Gazeteci İsmail Saymaz, CHP eski Genel Başkanı Kemal Kılıçdaroğlu ile aralarında geçen ve kamuoyunda büyük yankı uyandıran el öpme iddialarına nihayet açıklık getirdi. Saymaz, Halk TV'de yayınlanan bir programda, Kılıçdaroğlu ile yaptığı görüşmenin detaylarını ve yaşanan helalleşmeyi tüm gerçekliğiyle aktardı. Peki, gerçekte neler yaşandı? İşte tüm detaylar...
Görüşmenin Perde Arkası
İsmail Saymaz, Kılıçdaroğlu ile gerçekleştirdiği ve yaklaşık bir buçuk saat süren görüşmenin detaylarını paylaştı. Görüşmede, Gamze Akkuş İlgezdi, Deniz Demir, Bülent Kerimoğlu ve Bülent Kuşoğlu gibi CHP'li önemli isimlerin de hazır bulunduğu belirtildi. Saymaz, görüşme sırasında duygusal anlar yaşandığını ve Kılıçdaroğlu ile geçmişte yaşanan eleştiriler nedeniyle helalleştiklerini ifade etti.
Saymaz, "Kurultay sürecinde gazetecilik yaptım. Bazı sözlerim ve yorumlarım kendisini kırmış olabilir. Bunu dile getirdim, 'üzgünüm' dedim. Evet abi, helalleştik." şeklinde konuştu.
El Öpme İddialarına Yanıt
Sosyal medyada hızla yayılan ve tartışmalara neden olan el öpme iddialarına da açıklık getiren Saymaz, bu iddiaların gerçeği yansıtmadığını vurguladı.
İsmail Küçükkaya'nın aktardığına göre Saymaz, "En doğru bilgi, birinci ağızdan alınan bilgidir. Trollerin yaydığı söylentilerin aksine, Saymaz’ın açıklaması net: El öpülmedi, helalleşildi. Biz gazeteciyiz. Ben babamın elini bile öpmedim. Zaten Kemal Bey de elini öptürmez" diyerek spekülasyonlara son noktayı koydu.
- El öpme iddiası tamamen asılsızdır.
- Görüşmede sadece helalleşme yaşanmıştır.

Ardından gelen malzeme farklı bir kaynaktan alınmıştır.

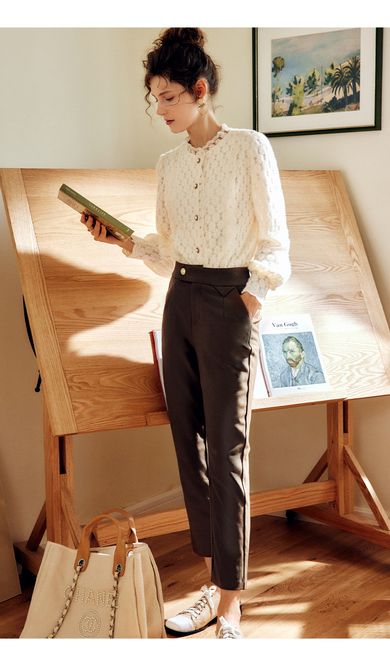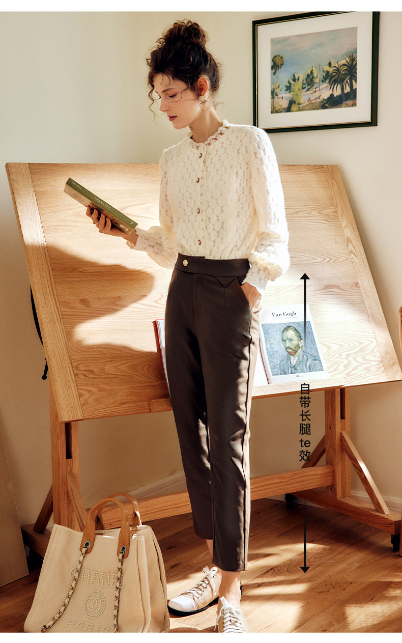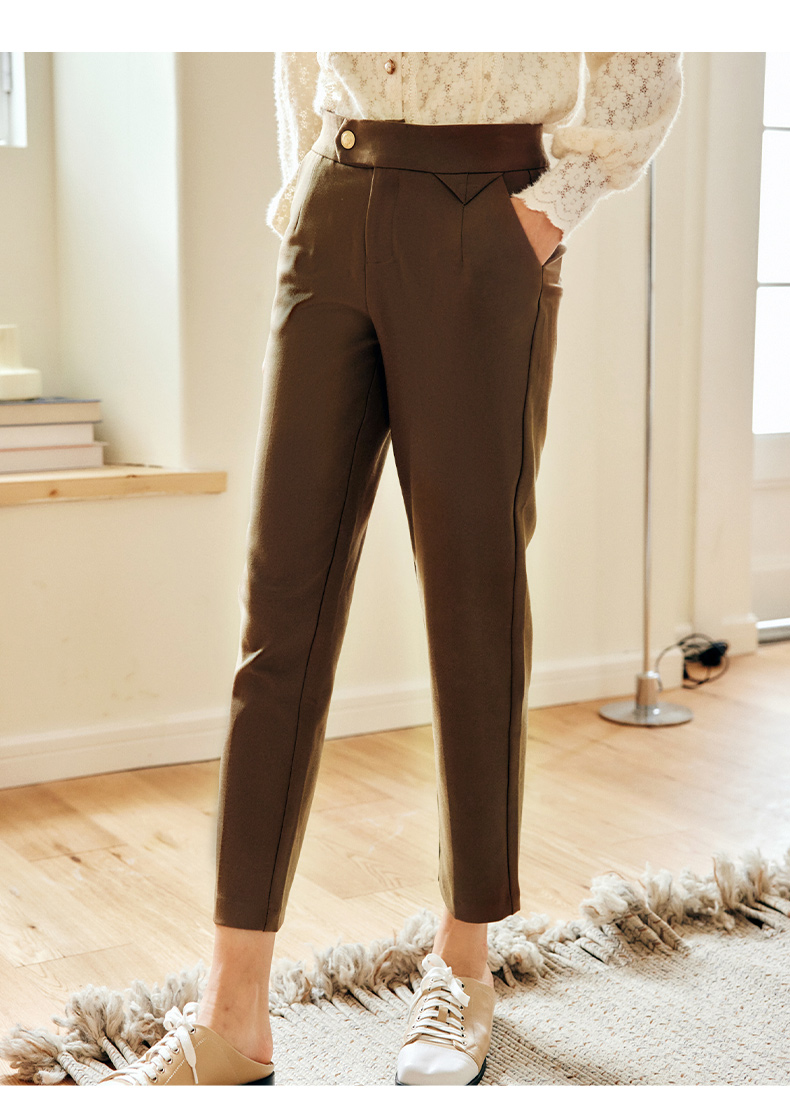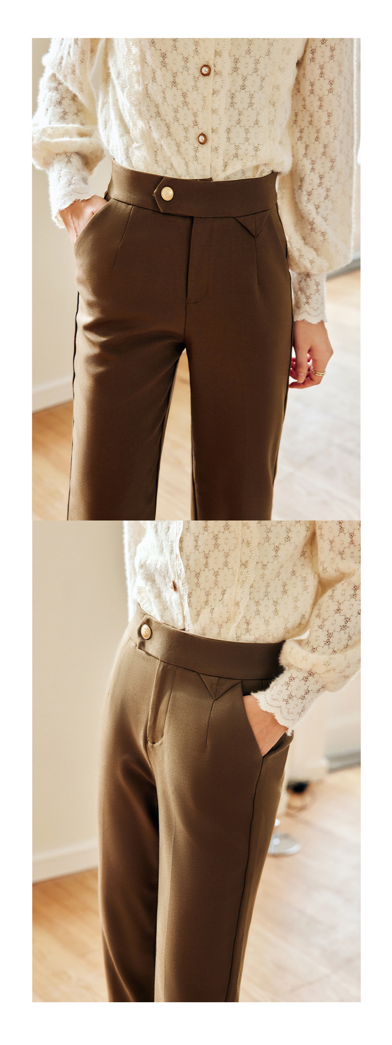OLrain法式咖色休闲裤女早秋2022新款时尚气质阔腿显瘦烟管直筒裤
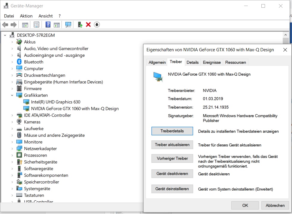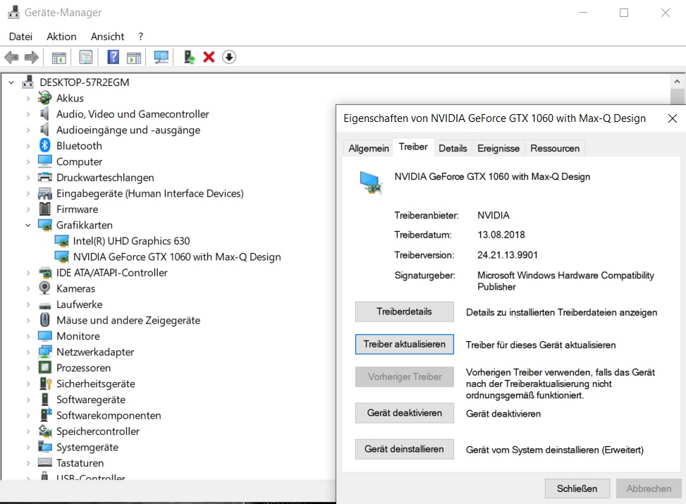 Im Gerätemanager scheinen alle Treiber dazusein, was ich nicht ganz verstehe ist, das ich keine Nvidia Systemsteuerung habe... die Treiber laut Gerätemanager sind auch schon vom August 2018 und wenn ich über die Nvidia Seite mir die Treiber für die 10xx Laptopreihe lade und diese installieren möchte bekomme ich auch ne Meldung das ich keine kompatible Hardware habe... ? Sind die Max-q Karten ne ganz eigene Sache oder wie ist das? Im Anhang mal n Screenshot des Gerätemanagers
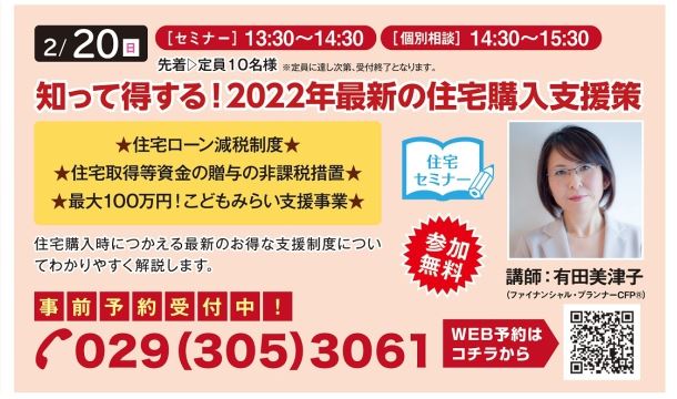 2月20日(日)にハウジングギャラリー水戸でセミナー&相談会を行います。 テーマは2022年度の住宅購入支援策です。 今年から大きく変わった「住宅ローン減税」 親御さん...
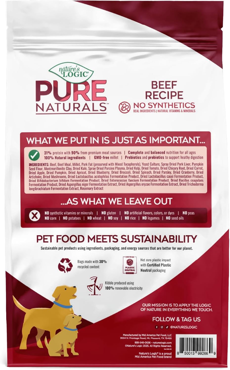 Give your dog a diet that’s as close to nature as it gets. Nature’s Logic PURE NATURALS™ Beef Recipe starts with real beef as the first ingredient and delivers 90% of its protein from premium animal sources – fueling strong muscles, energy, and a taste dogs love. Every bite is truly 100% natural, with all vitamins and minerals coming from real food ingredients, instead of using synthetic nutrients, flavors or additives, delivering a natural nutrition your dog’s body can recognize and absorb. This complete and balanced recipe is perfect for puppies, adults, and seniors of all breeds. It’s naturally gluten-free and made without common fillers like corn, wheat, soy, peas, lentils, potatoes, or seed oils, making it gentle on sensitive stomachs. Plus, it’s chicken-free and rich in natural taurine, prebiotics, and probiotics for heart health, digestion, and immune support. Nature’s Logic kibble is crafted using 100% renewable electricity, and every bag is made with 30% recycled materials.
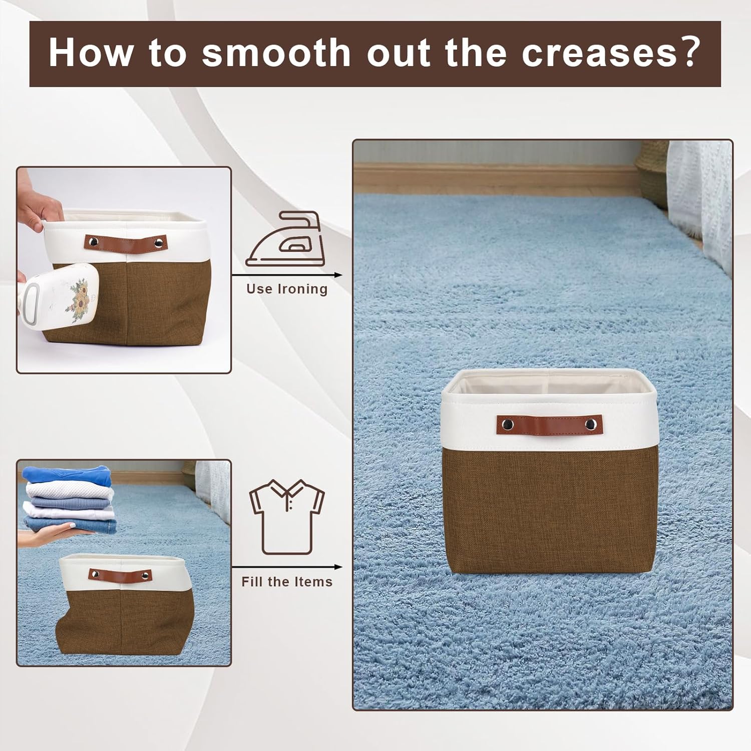 - 【Maintenance & Care Tip】 - Collapsible design for space saving. Our foldable baskets comes in a compression packing which may result in wrinkled storage bin during the long transit. Get rid of the wrinkles by either stuffing the fabric storage bins with blankets and pillows for a few days or steam iron them at low-heat setting. The organization baskets are easy to clean, you can dust the basket with a soft cloth with light soapy water when needed. Not recommended to machine wash.
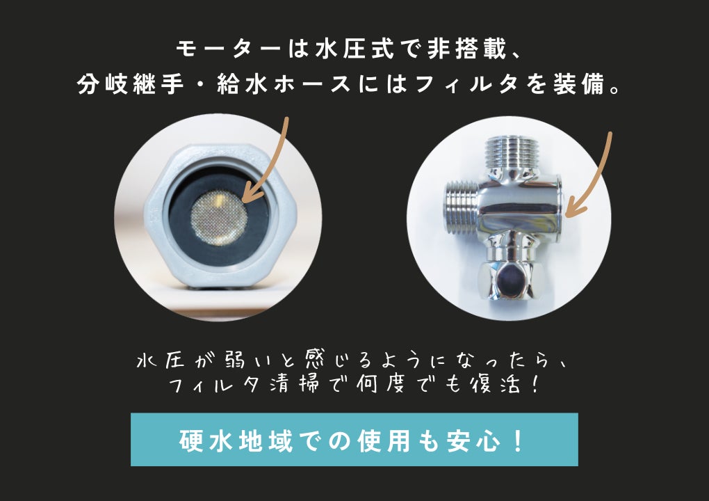 しかし、『Kirei シリーズ』共通特徴でもある、分岐継手と給水ホースに搭載されているフィルタの効果により、今まで故障のしやすかった硬水地域や井戸水でも問題なく使用ができます。
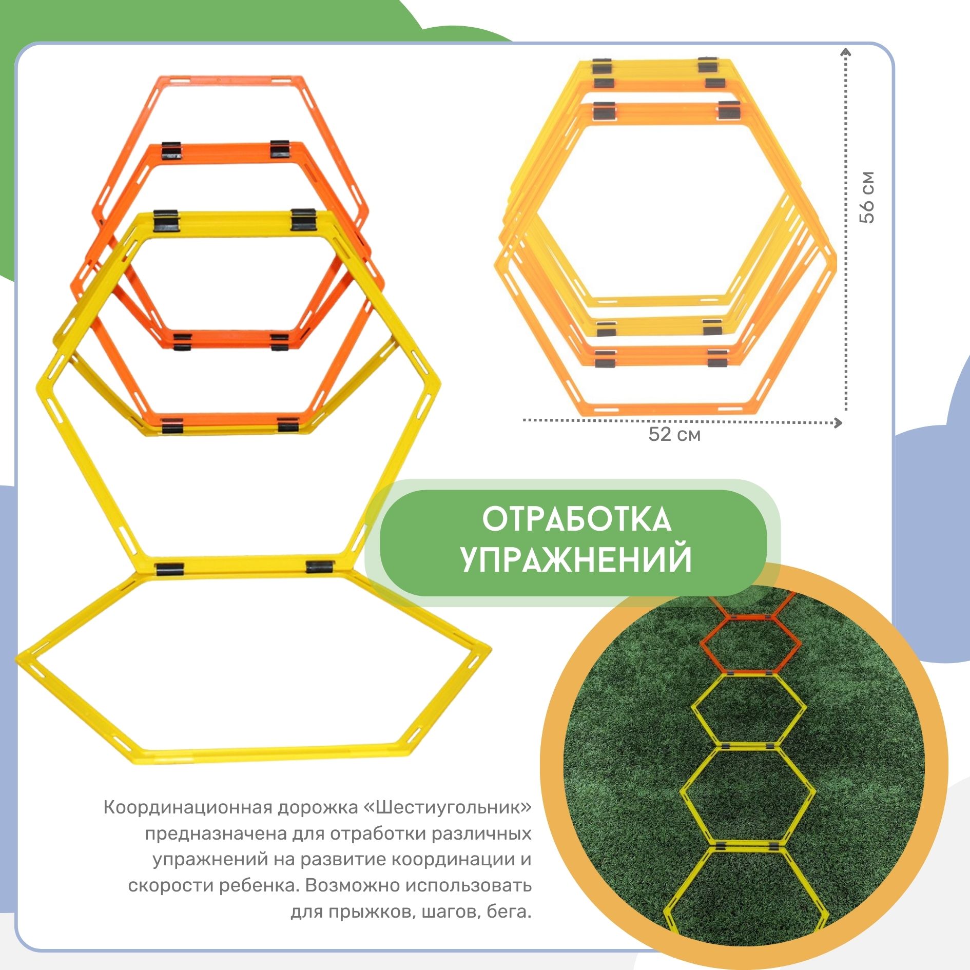 Координационная дорожка «Шестиугольник» предназначена для отработки различных упражнений на развитие координации и скорости ребенка. Возможно использовать для прыжков, шагов, бега.

- Saymaz, gazetecilik ilkelerine bağlı olduğunu vurgulamıştır.
Sonuç
İsmail Saymaz'ın açıklamalarıyla, Kemal Kılıçdaroğlu ile arasında geçen görüşmeye dair merak edilen tüm sorular yanıt buldu. El öpme iddialarının asılsız olduğu ve görüşmede sadece helalleşme yaşandığı netlik kazandı. Bu açıklama, kamuoyunda oluşan yanlış algıları düzeltirken, gazetecilik etiği ve siyasi ilişkiler arasındaki hassas dengeyi de bir kez daha gündeme getirdi. Saymaz'ın net tavrı, bundan sonraki süreçte benzer spekülasyonların önüne geçilmesi açısından da önemli bir adım olarak değerlendiriliyor.